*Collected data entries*
'''

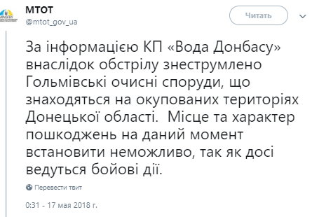 По данным КП Вода Донбасса, в результате обстрела без электроснабжения остались  Гольмовские очистные сооружения, которые расположены на оккупированных территориях Донецкой области.
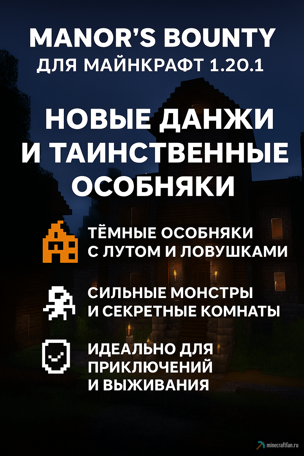 Description: Manor’s Bounty — атмосферный мод, добавляющий в Майнкрафт загадочные особняки, полные лута, ловушек и новых...
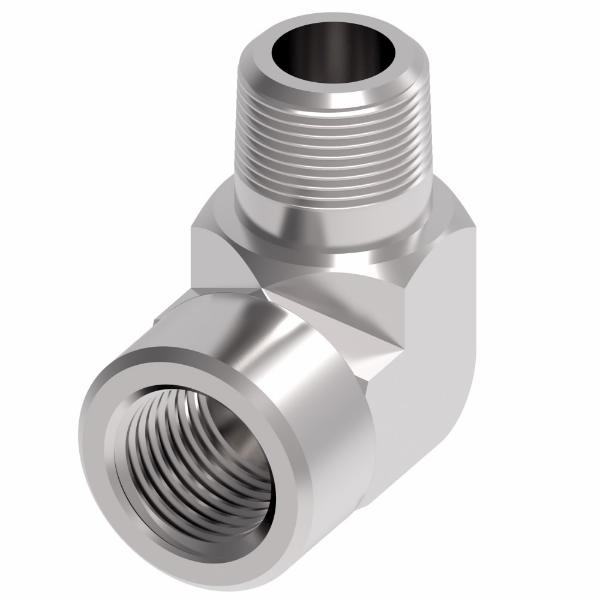 - 90-degree elbow to connect a National Pipe Thread (NPT) male to an NPT male at a 90-degree angle
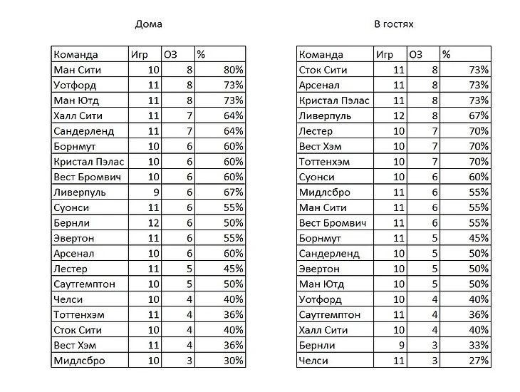 Как определить, какие именно? Есть точно такая же средняя статистика по командам. При этом, я лично придерживаюсь мнения, что нужно разделять домашнюю и гостевую статистику команды, потому что очень часто один и тот же клуб дома и на выезде играет совершенно по-разному.
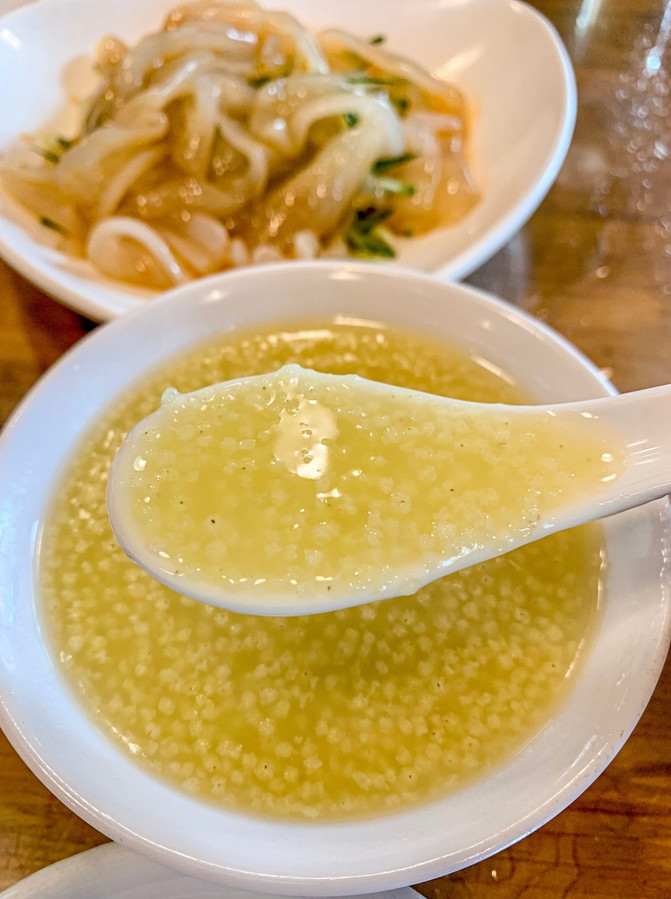 金黄色焦脆的外壳下,包着一团热乎乎烫口的软。一口咬下有点黏牙,边吹边嚼,一碗吃完后,还有点意犹未尽。

'''

*Task objective*
Exactly the lines from the one holding "Description: Manor’s Bounty" to the last line of the records above should be duplicated, with no pictures among them.

*Solution to the problem*
 Description: Manor’s Bounty — атмосферный мод, добавляющий в Майнкрафт загадочные особняки, полные лута, ловушек и новых...
 - 90-degree elbow to connect a National Pipe Thread (NPT) male to an NPT male at a 90-degree angle
 Как определить, какие именно? Есть точно такая же средняя статистика по командам. При этом, я лично придерживаюсь мнения, что нужно разделять домашнюю и гостевую статистику команды, потому что очень часто один и тот же клуб дома и на выезде играет совершенно по-разному.
 金黄色焦脆的外壳下,包着一团热乎乎烫口的软。一口咬下有点黏牙,边吹边嚼,一碗吃完后,还有点意犹未尽。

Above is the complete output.